I am trying to setup an nginx reverse proxy for Azure blob storage. I'm using the nginx:1.13.9-alpine image, and I have a simple proxy_pass configured like this:
location /container { proxy_pass https://account.blob.core.windows.net/container; proxy_set_header Host account.blob.core.windows.net } However, it doesn't quite work. A direct request to the storage account works, so I know the SAS token is good:
curl -v "https://account.blob.core.windows.net/container/file?st=2018-04-02T01%3A57%3A00Z&se=2018-04-11T01%3A57%3A00Z&sp=rl&sv=2015-12-11&sr=b&sig=<sig>" But using the same token through the proxy always returns a 403:
curl -v "https://proxy.mydomain.com/container/file?st=2018-04-02T01%3A57%3A00Z&se=2018-04-11T01%3A57%3A00Z&sp=rl&sv=2015-12-11&sr=b&sig=<sig>" ...snip... < HTTP/1.1 403 Server failed to authenticate the request. Make sure the value of Authorization header is formed correctly including the signature.
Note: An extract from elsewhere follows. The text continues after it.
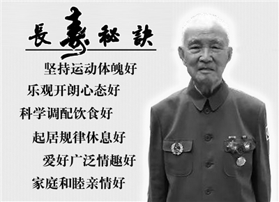 在纪念中国人民抗日战争暨世界反法西斯战争胜利70周年阅兵仪式上,当抗战老兵乘车方队经过天安门时,吸引了众多崇敬的目光。前来参加阅兵的抗战老兵代表虽已至耄耋之年,但他们个个精神矍铄、神态安详、行动自如。战争年代,他们缺衣少食,生活条件异常艰苦;和平时期,他们粗茶淡饭,过着普通的百姓生活。这些历经苦难的老兵为什么能够如此长寿健康?本版即日起开设“百岁抗战老兵的长寿秘诀”专栏,让我们走近这些百岁或接近百岁的寿星,聆听他们长寿的体会和感悟。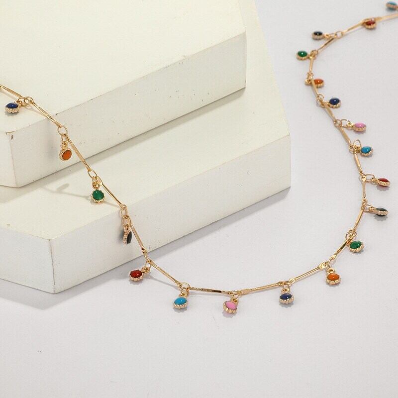 送料無料 自由奔放に生きるキャンディーカラーラウンドペンダント女性ネックレス甘いカラフルな鎖骨チェーン女の子チョーカーパーティーヴィンテージジュエリーギフト レース 大人ガーリー スウィート キュート カジュアル ビンテージ アクセサリー AE7778843344499408

In the server logs I just see:
10.240.0.4 - - [06/Apr/2018:04:07:30 +0000] "GET /container/file?st=2018-04-02T01%3A57%3A00Z&se=2018-04-11T01%3A57%3A00Z&sp=rl&sv=2015-12-11&sr=b&sig=<sig> HTTP/1.1" 403 621 "-" "curl/7.54.0" "-" I've seen some conflicting advice about needing to include $is_args, etc, but none of it seems to work. The same nginx instance proxies several other resources through other paths, all of which work as expected. What am I missing?
edit
I believe this is related to encoded characters like %2f in the url path. Azure Storage in this case is being used as the backend for a Docker Registry, and it likes to give blobs names like %2fdocker/registry/v2/blobs/sha256/e7/e7c1ef..ced394/data. If I add a sample blob in the container without the leading %2f, everything works as expected.